Para alguien que se encontrara en lo más bajo de la garganta, el hombre agarrado al abrupto acantilado habría resultado invisible, disimulado por los salientes rocosos que formaban algo parecido a una serie de peldaños irregulares de piedra si se miraba desde lejos. Igualmente, vista desde lejos, la accidentada pared parecía fácil de trepar; pero entre cada saliente había huecos que producían vértigo… pérfidas extensiones de tierra arcillosa y pendientes abruptas donde los dedos que se aferraban a la rocosa pared y los dedos de los pies que buscaban a tientas dónde meterse, difícilmente encontraban una presa o un apoyo.

Un único paso en falso, un único asidero mal asegurado y el escalador caería hacia atrás para recorrer una caída vertiginosa que le aplastaría en el fondo rocoso del cañón, trescientos pies más abajo.
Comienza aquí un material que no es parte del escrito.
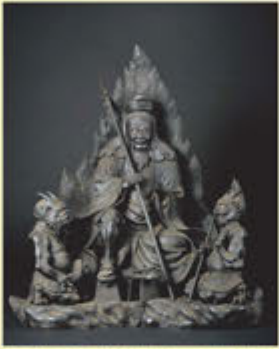
役行者像

修験道の開祖といわれる役行者は本名を役小角といい、7~8世紀にかけて実在した人物とされている。役行者にまつわる数多くの伝説の中には、不思議な力を駆使して、空や野山を駆け巡り、鬼神を自在に操ったといった逸話も残されている。役行者が葛城修験を開いた後に移った修行の地が「大峰山」であり、修験者にとって葛城修験とともに重要な行場とされている。

Pero el hombre agarrado al acantilado era Francis Xavier Gordon y su destino no era caer y aplastarse en el fondo de un barranco del Himalaya.

Su ascensión estaba a punto de terminar. El borde del acantilado se encontraba solamente a pocos pies por encima de su cabeza, pero la superficie que le restaba por franquear era la más peligrosa de aquella insensata escalada. Hizo una pausa para limpiarse el sudor que le cegaba los ojos, inspiró profundamente por la nariz y, una vez más, opuso ojo y músculo a la brutal perfidia de la gigantesca barrera mineral. Apagados aullidos subieron desde el fondo de la garganta, vibrantes por el odio y expresando un deseo sanguinario. No miró hacia abajo. Su labio superior se encogió con un silencioso gruñido, como podría bufar una pantera al oír las voces de los cazadores. Eso fue todo.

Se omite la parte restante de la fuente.